But isn't the consumer implying an agreement to terms of service of a website when they conduct business there? If not what constitutes "making someone aware"?
To make someone aware of what is in a contract means not hiding it in a several paragraph or several page contract filled with legalese. It is better to make problematic clauses stand out, and then to reiterate the provisions that are important (either leading with the provision or, if in the middle of the contract, adding it again at the end above the signature) to ensure the employee/consumer knows it is there.
An employer/company does not want the contract terms found by a court to be either ambiguous or provisions inconspicuously hidden in the pages to "get one over" on the signer. The person signing should, of course, read all contracts in their entirety and know and understand what is being signed prior to signing, but easier to understand provisions and clear wording in the contract means the contract is more likely to hold up in court.
I want to clarify now a bit what I said in an earlier post. I said that non-disparagement clauses are "unenforceable/unconstitutional" and that is only
sort of correct. Anyone who signs a contract is (generally) legally bound by all terms of the contract, and this includes a contract with a non-disparagement clause in it. However, in reality, you cannot
stop a person from speaking out and the costs to pursue a legal action against one who does so can be extremely high. The costs can easily exceed any damages (and that is if damages can be proved).
Some contracts have included, to go along with their non-disparagement clause, a penalty or damages provision that spells out what it will cost the signer of the contract if they breach it (ie, if you disparage me, you must pay me X amount of dollars). That would avoid a court hearing and the disparager could be billed for the breach.
However, these clauses, even when coupled with a damages provision, can be challenged or "worked around," and have been successfully.
First, the employer/company who has a non-disparagement clause in their contract and is "disparaged" (whatever that might mean - and the definition can be argued in court, if it is not specifically spelled out in the contract) - can sue for breach of contract or to collect damages provided for in the contract. It is costly to sue, as I said before, and it can actually be MORE damaging to an employer or a company's reputation to file a legal action against an employee or customer, because it generates more negative publicity than a single negative review would. This is something an employer or company must consider carefully.
If a review is
defamatory and not simply disparaging (again, whatever "disparaging" might mean), there are already laws to handle defamation.

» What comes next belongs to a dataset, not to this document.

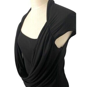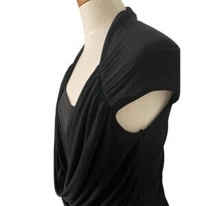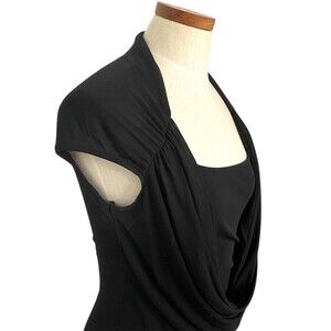MCQ Alexander McQueen Black Dress M Draped Cowl Neck Cap Sleeves 100% Viscose

As a note, a third party (such as a spouse or friend of the contract-signer) is not bound by the contract terms and can freely speak ill of the employer or company. As another note, of those companies I am aware of whose non-disparagement provisions have been challenged, all have removed the clauses from their contracts as a result.
Non-disparagement clauses are common in settlement agreements but the parties involved in settlements are made aware of this being a term of settlement and, without agreement to this provision, there might not be a settlement.